Certified Red Team Analyst (CRTA) Exam Review
Honest Review and No sponsorship was taken for this review!
I took the Certified Red Team Analyst (CRTA) exam from CyberWarfare Labs (CWL) on December 22, 2024. The report review process was quite fast, taking only about two hours. In this post, I will share my experience with the exam and recommendations for preparation.
CRTA Certification Course Purchase
You can buy the CRTA certification course from the following link: CRTA Certification Course
Recommendation
CWL Platform Overview
CWL has two portals:
LMS Portal: Contains lecture videos and PDF course materials.
Labs Portal: Includes labs, write-up documentation, and VPN files.
Before starting the labs, it is crucial to watch the course videos, especially the final section, which contains a case study related to the lab write-ups. Labs have a 30-day access limit and cannot be paused. To access them, simply download the OpenVPN file and connect.
One thing to note is that the lab environment is shared among all students. If someone misconfigures the lab, you may need to contact support via email and wait about a day for a reset.
Opinion on Course Content
The course content is fairly standard but highly useful for the exam. It explains lab exercises alongside lecture PDFs, making it easier to understand. The materials include a 170-page PDF and videos covering everything from initial access to data exfiltration. One unique feature is the Active Directory (AD) lab setup, which is well-explained.
However, one downside is that the videos have Indian accents, and subtitles are not available, making them slightly difficult to follow.
Exam Procedure
The exam lasts 48 hours:
First 24 hours: Lab access
Next 24 hours: Report submission
The exam report does not require remediation steps, risk scoring, or lengthy explanations like eCPPT. A simple write-up format is sufficient.

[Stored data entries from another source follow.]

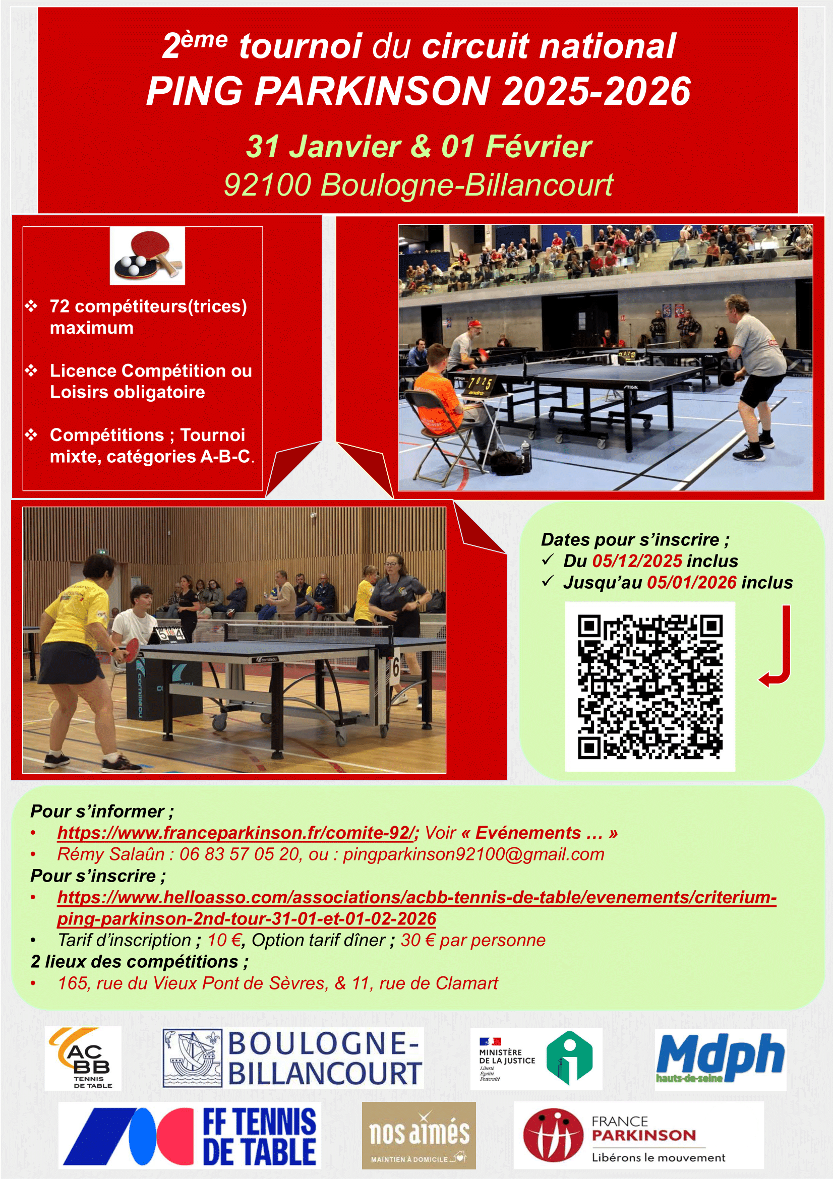 Un tournoi ouvert aux licencié(e)s FFTT et adhérent(e)s à France Parkinson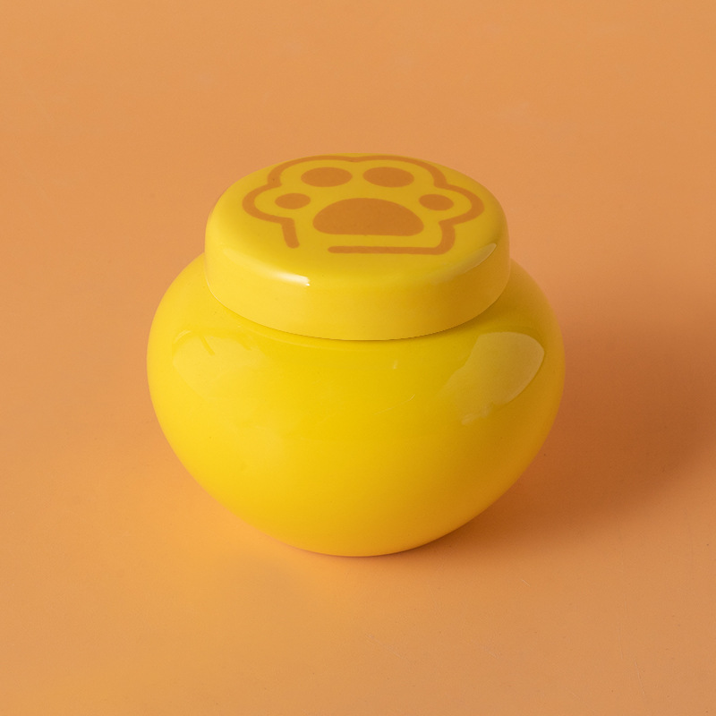 round funeral urn (yellow) (black paw print)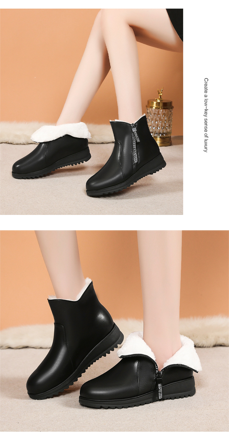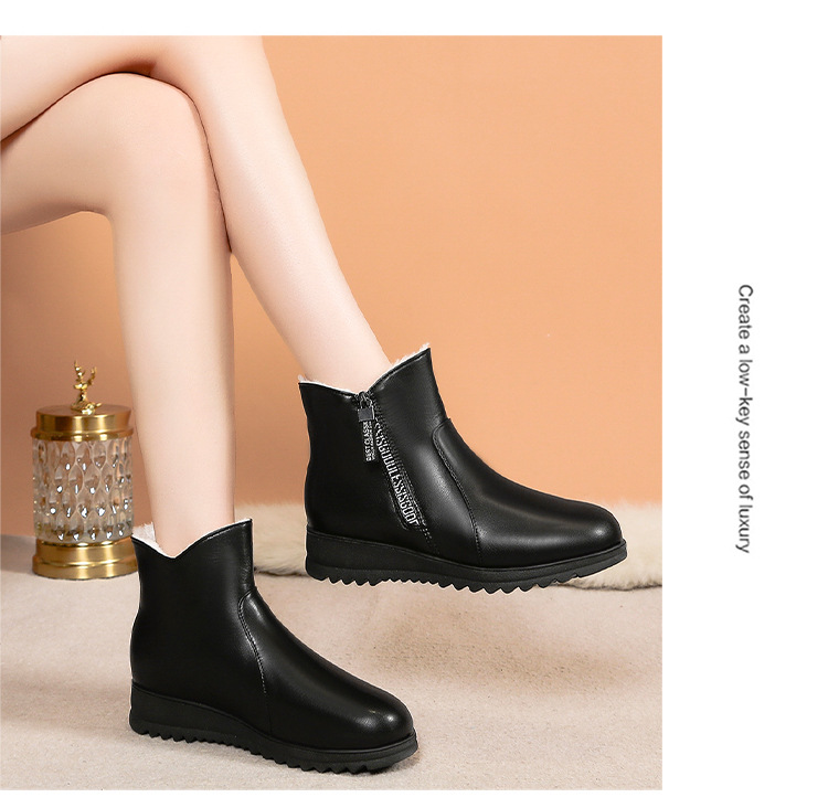 폭발 가죽 방수 기모 스노우 부츠 여성 신발 2024 겨울 새로운 웨지 힐 하이코튼 신발 따뜻한 패션 짧은 부츠

I received my OpenVPN file and credentials about 30 minutes before my scheduled exam time. Unlike eCPPT, there was no need to modify the VPN configuration—just download and connect.
The exam has only one flag, located on the final end host.
To schedule the exam, send an email to CWL support specifying your preferred date, time, and both your local timezone and India timezone. Below is an email template for reference.
Exam Experience
Since the exam has a validity period, I will avoid spoilers.
I started my exam at around 2:00 PM. Before beginning, I took a rest and had a meal to stay focused.
For Initial Access, after scanning all ports and services, there were multiple possible entry points. Nearly every service had an exploitation opportunity. After gaining initial access, carefully inspecting files is essential, as they often contain important information for moving forward.
It took me about 2–3 hours before I got stuck. Some of my usual methodologies and tools weren’t working as expected, so I took a break, did some research, and then resumed the exam with a fresh perspective. This helped me progress smoothly.
A notable aspect of the exam is the presence of rabbit holes—many machines appear in the network, but only a few are relevant.
How to Prepare?
If you have experienced with HTB and TryHackMe, you will be well-prepared. The exam includes:
Initial Access
Privilege Escalation
Pivoting
Active Directory Attacks
For pivoting, I recommend practicing on TryHackMe’s Wreath network, following their methodology, and experimenting with different tools such as Metasploitable.
For Active Directory, study:
Lateral movement techniques
Kerberos Ticketing (Golden Ticket/Silver Ticket), as this is highly relevant
Recommended practice labs:
Wreath (TryHackMe)
Attacktive Directory (TryHackMe)
Breaching AD (TryHackMe)
Vulnnet Roasted (TryHackMe)
Active Directory 101 (HTB)
Lastly, don’t forget to eat, sleep, and rest during the exam.
Conclusion
The CRTA exam lab is not as advanced as some other platforms, but considering the price-to-value ratio, it is worth it. This is my first review, so I apologize for any unclear points or mistakes. I hope this helps anyone preparing for the CRTA exam!